Discretize variable into equal-sized buckets based on rank or based on sample quantiles. For example 1000 values for 10 quantiles would produce a Categorical object indicating quantile membership for each data point.
I'll look into this, thanks!
without it you could do some tricks to get which quantile each record fits into, but that function seems to just do it for you with a much simpler api than check which bucket each record fits yourself
Thanks a lot for the suggestion, looks like this should solve the issue! Just a quick follow up, I noticed that since I create a temp dataframe that gets the yearly data and use it to assign values to the original I get nothing. Do I need to use a sepperate function like df[].apply to do this?
share code as text. not screenshots
!code
# Generate yearly rankings labels for each provider based on ESG score
top_quantile_30 = 0.3
bottom_qunatile_30 = 0.7
top_quantile_10 = 0.1
bottom_qunatile_10 = 0.9
years = [2013, 2014, 2015, 2016, 2017, 2018, 2019]
reprisk_scores = ['peak_yearly_RRI', 'yearly_environmental_score', 'yearly_social_score', 'yearly_governance_score']
sustainalytics_scores = ['total_esg_score', 'environment_score', 'social_score', 'governance_score']
capitaliq_scores = ['ESG_score', 'Environmental_score', 'Social_score', 'Governance_score']
labels_30th_p = ['LScores', 'LScores', 'LScores', 'MScores', 'MScores', 'MScores', 'MScores', 'MScores', 'MScores', 'HScores', 'HScores', 'HScores']
labels_30th_p = ['LScores', 'MScores', 'MScores', 'MScores', 'MScores', 'MScores', 'MScores', 'MScores', 'MScores', 'MScores', 'MScores', 'HScores']
def get_score_rankings(df, score_type):
#Match relevant provider with correct score type!

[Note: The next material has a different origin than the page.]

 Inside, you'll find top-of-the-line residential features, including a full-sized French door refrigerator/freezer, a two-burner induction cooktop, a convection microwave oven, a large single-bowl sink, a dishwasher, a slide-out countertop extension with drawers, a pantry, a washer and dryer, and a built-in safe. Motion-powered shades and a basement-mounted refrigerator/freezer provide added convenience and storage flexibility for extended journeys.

#Rankings for top/bottom 30%
df['ESG_measure_sorts_30'] = ''
df['env_measure_sorts_30'] = ''
df['gov_measure_sorts_30'] = ''
df['soc_measure_sorts_30'] = ''
#Rankings for top/bottom 10%
df['ESG_measure_sorts_10'] = ''
df['env_measure_sorts_10'] = ''
df['gov_measure_sorts_10'] = ''
df['soc_measure_sorts_10'] = ''
for year in years:
yearly_df = df.loc[df['year'] == year, ['isin'] + score_type]
for score in score_type:
if score == 0:
df['ESG_measure_sorts_30'] = pd.qcut(yearly_df[score], q=10, labels=labels_30th_p)
if score == 1:
df['env_measure_sorts_30'] = pd.qcut(yearly_df[score], q=10, labels=labels_30th_p)
if score == 2:
df['gov_measure_sorts_30'] = pd.qcut(yearly_df[score], q=10, labels=labels_30th_p)
if score == 3:
df['soc_measure_sorts_30'] = pd.qcut(yearly_df[score], q=10, labels=labels_30th_p)

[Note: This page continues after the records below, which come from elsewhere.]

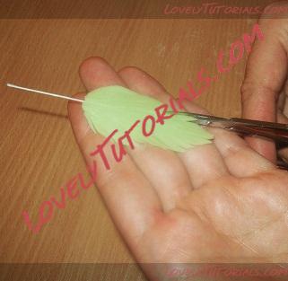 На губке или специальном мате прокатываем округлым стеком или маленьким стеком-шариком у основания надреза, чтобы немножко «распушить» и расправить мелкие листики.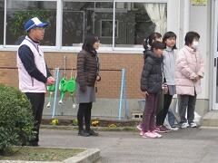 今日は、市内小中学校一斉に登校時刻が1時間遅れとなりました。歩道や車道の凍結が予想されます。特に、日陰は凍結していますので十分に気を付けて登校してください。登校時に、ご家庭でもひと声お掛けください。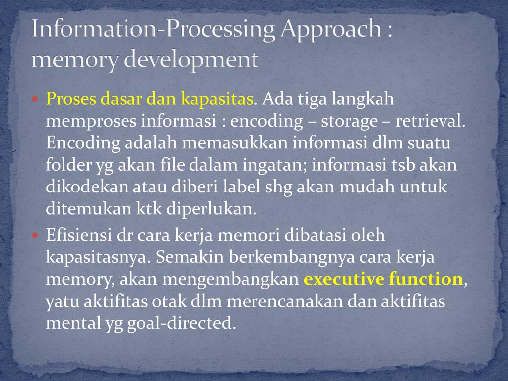 Information-Processing Approach : memory development • Proses dasar dan kapasitas. Ada tiga langkah memproses informasi : encoding – storage – retrieval. Encoding adalah memasukkan informasi dlm suatu folder yg akan file dalam ingatan; informasi tsb akan dikodekan atau diberi label shg akan mudah untuk ditemukan ktk diperlukan. • Efisiensi dr cara kerja memori dibatasi oleh kapasitasnya. Semakin berkembangnya cara kerja memory, akan mengembangkan executive function, yatu aktifitas otak dlm merencanakan dan aktifitas mental yg goal-directed.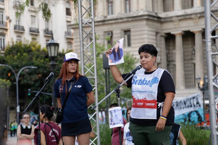 Este martes 7 de marzo, el SUTEBA y la CTERA estuvieron presentes en Plaza Lavalle en la Asamblea Feminista de mujeres y diversidades, en la que se expresaron diversas Organizaciones Sindicales, Sociales y Políticas.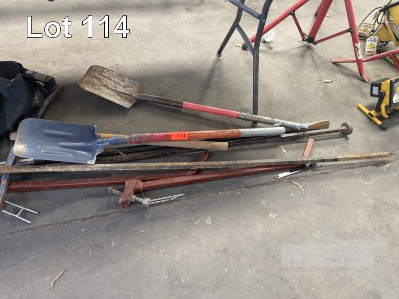 LANDSCAPING TOOLS, 2 x SHOVELS, PICK, 3 x CROW BARS, 2 x MAN HOLE LIFTERS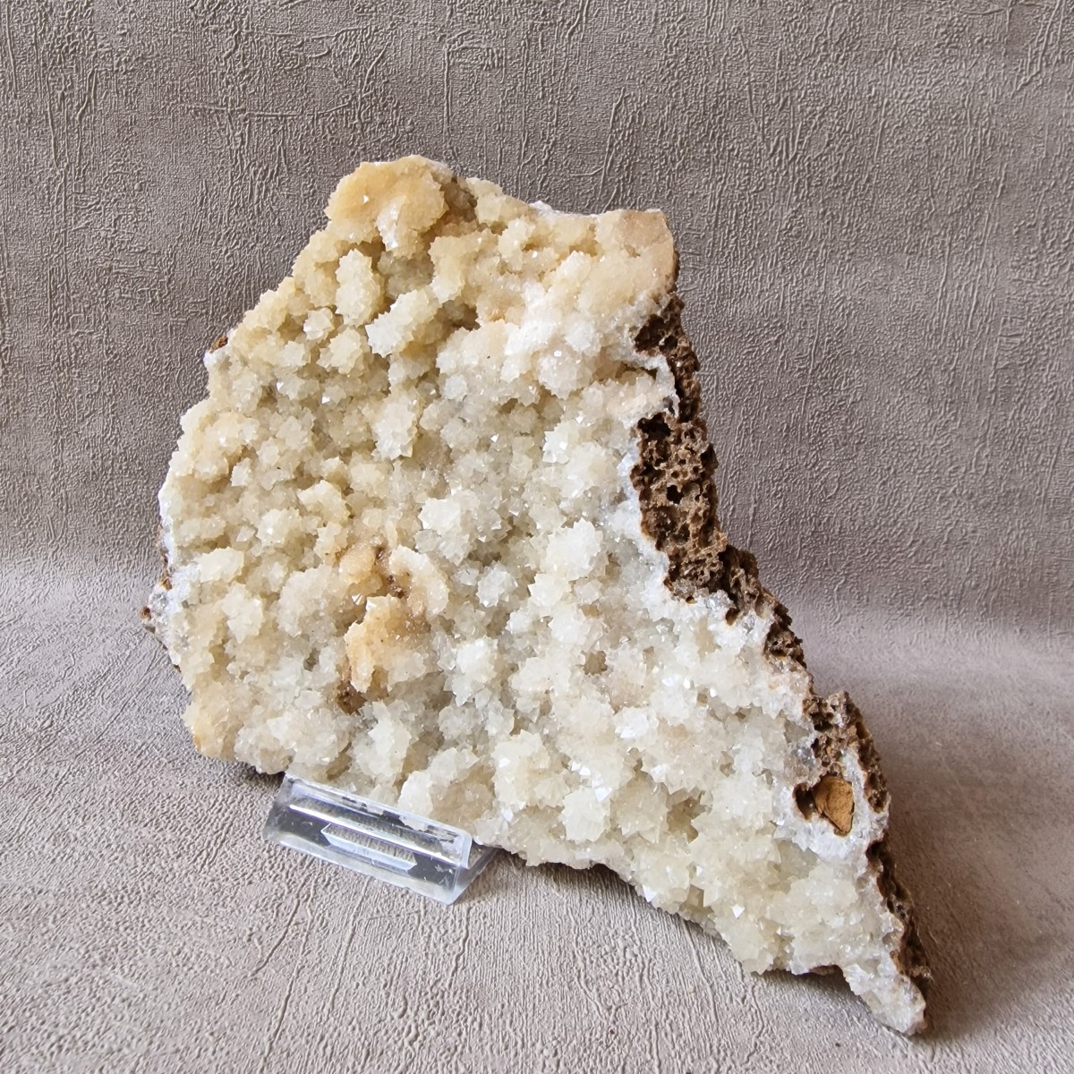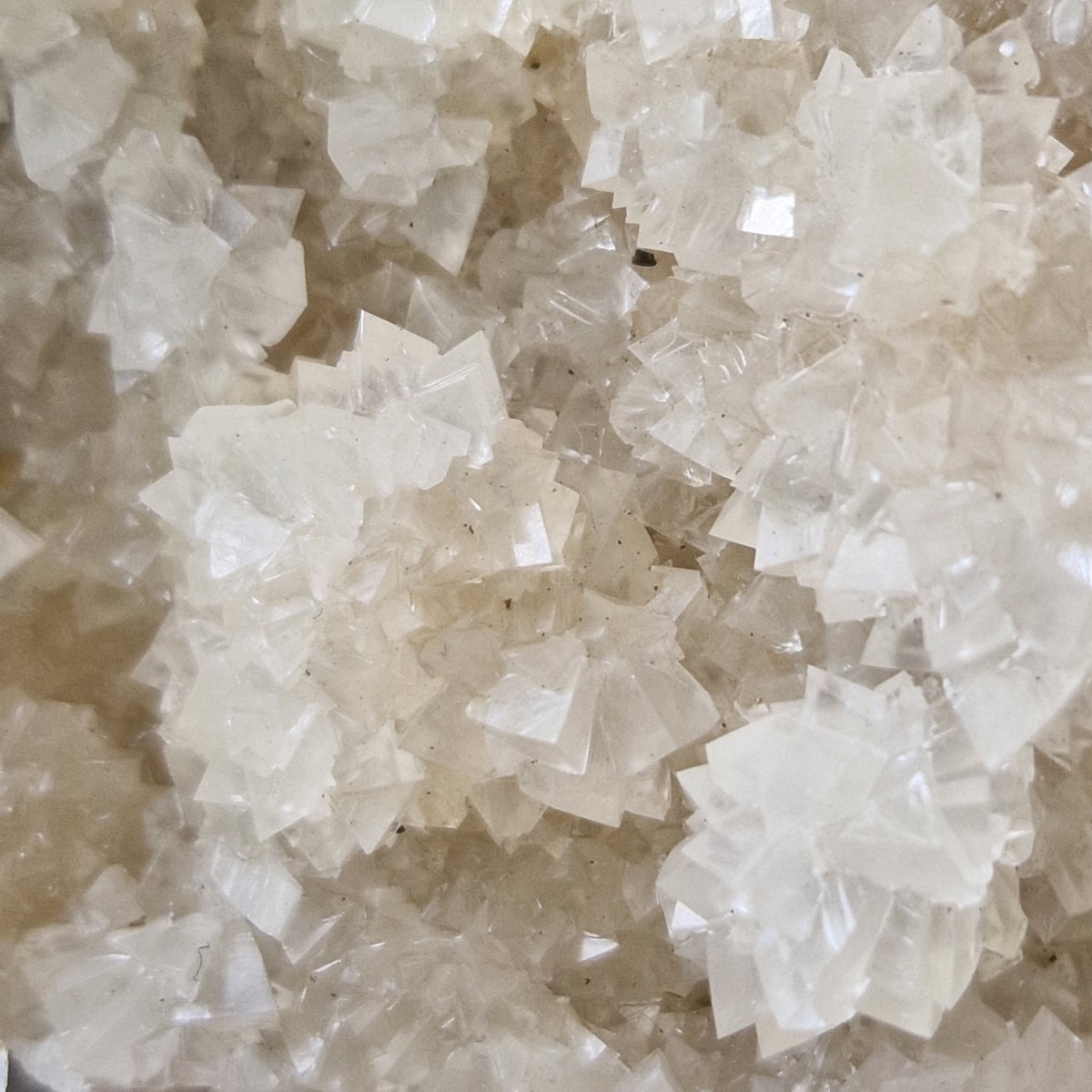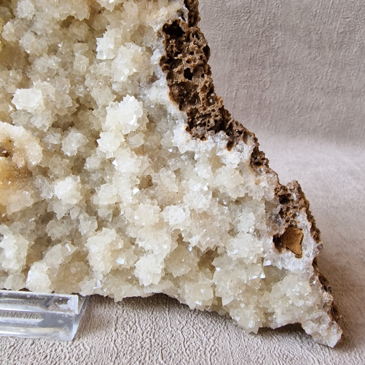 Calcite fluorescente et phosphorescente de Chanxhe (Sprimont), Prov. Liège, Belgique. Cristaux imbriqués en rosaces presque incolores sur fine structure alvéolaire.(BT174-3)

get_score_rankings(sustainalytics, sustainalytics_scores)
when you do df[...] = ... or series[...] = ... in pandas, it tries to align the index of the objects for you
idk how you are creating each dataframe so I have no idea what their indexes look like, but that could be an issue
oh wait 
why the ['isin']?
Right after the for loop you can see where I define a temp dataframe which just get the data for each year and the relevant columns I need quantiles for. The dataframe I want to assign them to has the data for the entire range of the years
hmm ok it sounds like you are iterating over a list of strings and checking if the value is equal to a string number?

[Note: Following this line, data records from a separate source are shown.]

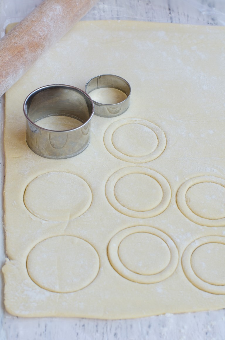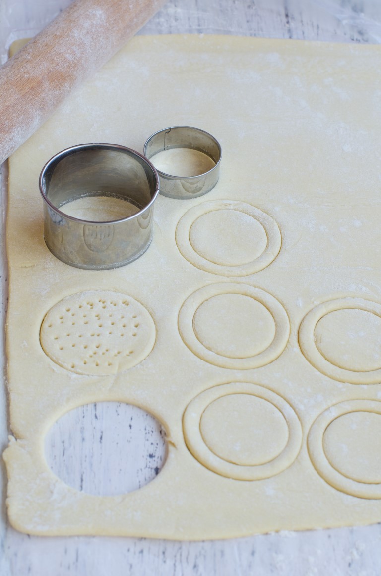 Scoateti aluatul de la frigider. Cu ajutorul unei furculite intepati din loc in loc cercurile mari
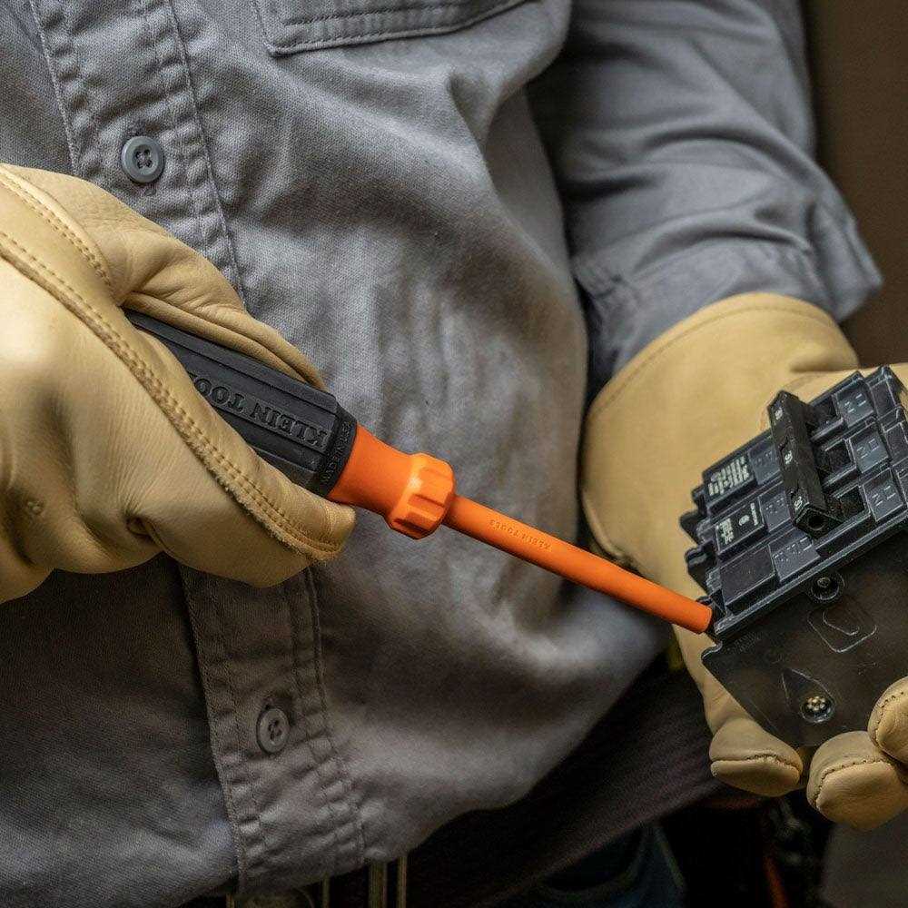 Klein Tools’ Insulated Screwdrivers feature a bright orange coating of flame and impact resistant insulation to protect against electrical shock. These tools exceed the ASTM F1505 standards for insulated tools, and are clearly marked with the official 1000V rating symbol. The tether hole in the handle provides added safety when working at height. Available in 4-Inch and 6-Inch round shanks with a variety of tips.WARNING Only use tools that are marked with the official international 1000-volt rating symbol shown above, if there is any chance that the tools will make contact with an energized source. Whenever possible, always de-energize lines and equipment prior to working on or around them. Always inspect your tools before use. Always inspect your tools before use. Keep tool clean, dry and free of any surface contaminants.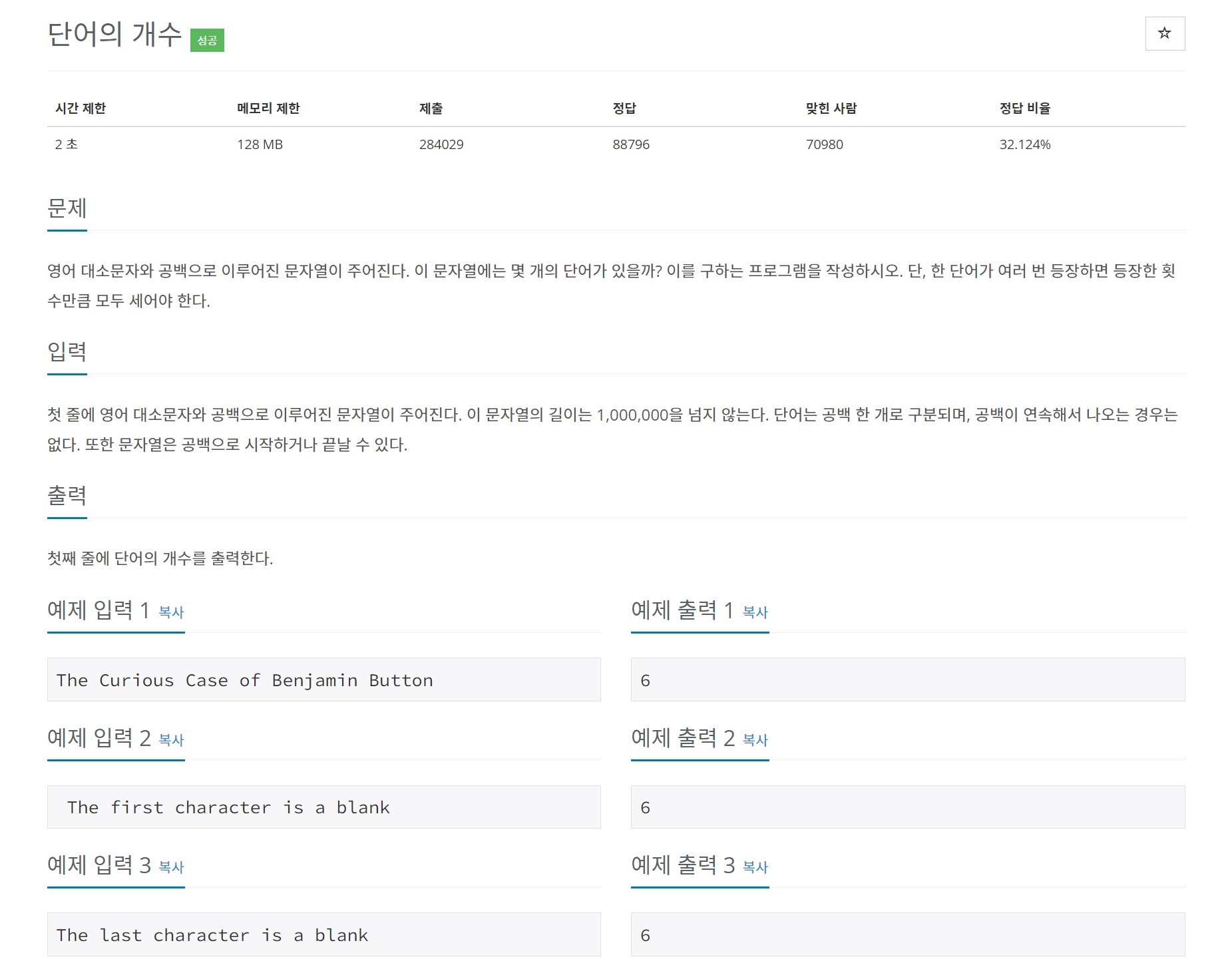 첫 줄에 영어 대소문자와 공백으로 이루어진 문자열이 주어진다. 이 문자열의 길이는 1,000,000을 넘지 않는다. 단어는 공백 한 개로 구분되며, 공백이 연속해서 나오는 경우는 없다. 또한 문자열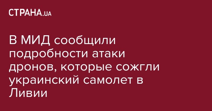 Как отметили в ведомстве, по данным Госавиаслужбы Украины, в 1:17 по Киеву во время разгрузки украинский самолет был атакован при помощи беспилотника. В ведомстве уточнили, что борт выполнял рейс с целью транспортировки гуманитарного груза для нужд Общества Красного Полумесяца Ливии. Сообщается, что все разрешения были в наличии.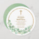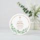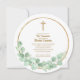 Elegant *round first communion invitations feature a gold faux glitter cross, a eucalyptus leaf wreath and your details in chic lettering. Perfect for your child's first communion, baptism or christening. MATCHING items available in our collection. *Round size takes extra postage - mail in a 5" x 7" envelope for regular postage.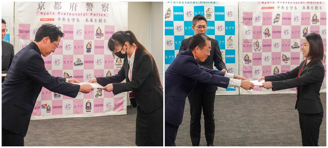 2024年2月7日に京都府警察本部にて感謝状贈呈式が行われ、犯罪被害者支援啓発動画と、犯罪被害者等支援連携訓練の様子が上映されたのち、学生たちに感謝状が贈呈されました。

This is because I knew indexing would be an issue and is an identifier for a company
# ['total_esg_score', 'environment_score', 'social_score', 'governance_score']
for score in score_type:
if score == 0:
just what?.....
that is not going to work how you want
Yeah this might be very unnecessary since I could have just renamed the columns to have the same name in each dataframe but since I also need to set a few conditions that are specifc for each data frame I kept it as is
Its not in use so dw about it
I recommend either converting everything to one standard format, or creating one separate script for each different input data you want to transform
after you decide on that, start (from scratch, not copy/pasting what you have right now) prototyping in something interactive like a Jupyter Notebook or an IPython terminal
only after you get the operations right try to organize it into a function
Is this what causing the issue when trying to send the labels back to the reference df?
what do you think that the score variable contains when you are doing score == 0 / score == 2 etc?
position of item in list no?
what do you think that would happen if you did yearly_df[0]?
you have to organize your process in your head first, and only after that start coding - and even then, doing it in small steps, testing each part.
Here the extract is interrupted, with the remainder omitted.